GDAL options influencing the gdalwarp process can be configured using the
edk.stitching.Dataset.set_target_options()
function. Also look atedk.stitching.Dataset.set_src_options()
for source dataset related options influencing the gdalwarp process, eg: srcnodataval.- Parameters:
bands (list[string]) – Ordered list of band descriptions to output as VRTs.
Example
>>> import datetime >>> import earth_data_kit as edk >>> ds = edk.stitching.Dataset("example_dataset", "s3://your-bucket-name/path/to/data", "s3") >>> ds.set_timebounds(datetime.datetime(2020, 1, 1), datetime.datetime(2020, 1, 31)) >>> ds.discover() # Discover available scene files before stitching >>> bands = ["red", "green", "blue"] >>> ds.mosaic(bands) # Use mosaic instead of to_vrts >>> ds.save() # Save the output VRTs to a JSON file
- save()
Saves the mosaiced VRTs into a combined JSON file.
This method should be called after the mosaic() method to save the generated VRTs. The resulting JSON path is stored in the json_path attribute.
- Returns:
None
- to_dataarray()
Converts the dataset to an xarray DataArray.
This method opens the JSON file created by save() using xarray with the ‘edk_dataset’ engine and returns the DataArray corresponding to this dataset.
- Returns:
A DataArray containing the dataset’s data with dimensions for time, bands, and spatial coordinates.
- Return type:
xarray.DataArray
Example
>>> import earth_data_kit as edk >>> import datetime >>> ds = edk.stitching.Dataset("example_dataset", "s3://your-bucket/path", "s3") >>> ds.set_timebounds(datetime.datetime(2020, 1, 1), datetime.datetime(2020, 1, 31)) >>> ds.discover() >>> ds.mosaic(bands=["red", "green", "blue"]) >>> ds.save() >>> data_array = ds.to_dataarray()
Note
This method requires that mosaic() and save() have been called first to generate the JSON file.

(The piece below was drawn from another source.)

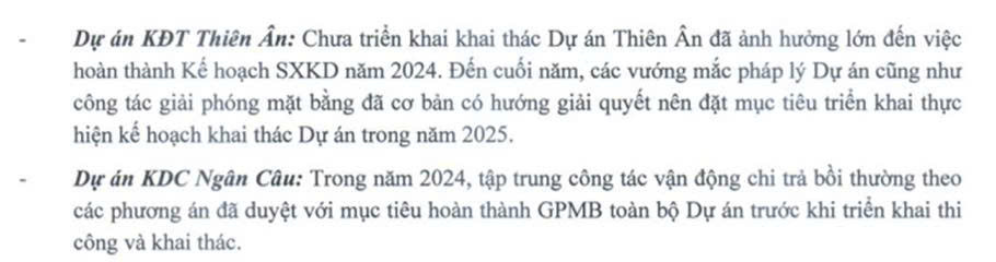 Dự án BDS thì không quá lớn và thực hiện kéo dài nhiều năm vẫn dính tới GPMB chưa được ổn thỏa nên kiểu này thường sẽ làm dần dần hoặc delay khó dự đoán chính xác được thời điểm kinh doanh. Trong 2025 có thể vẫn sẽ được hạch toán một phần từ dự án Thiên Ân.

- static Dataset.dataarray_from_file(json_path)
Creates an xarray DataArray from a JSON file created by the save() method.
Automatically determines optimal chunking based on the underlying raster block size.
- Parameters:
json_path (str) – Path to the JSON file containing dataset information.
- Returns:
DataArray with dimensions for time, bands, and spatial coordinates.
- Return type:
xarray.DataArray
Example
>>> import earth_data_kit as edk >>> data_array = edk.stitching.Dataset.dataarray_from_file("path/to/dataset.json")
Note
Loads a previously saved dataset without needing to recreate the Dataset object.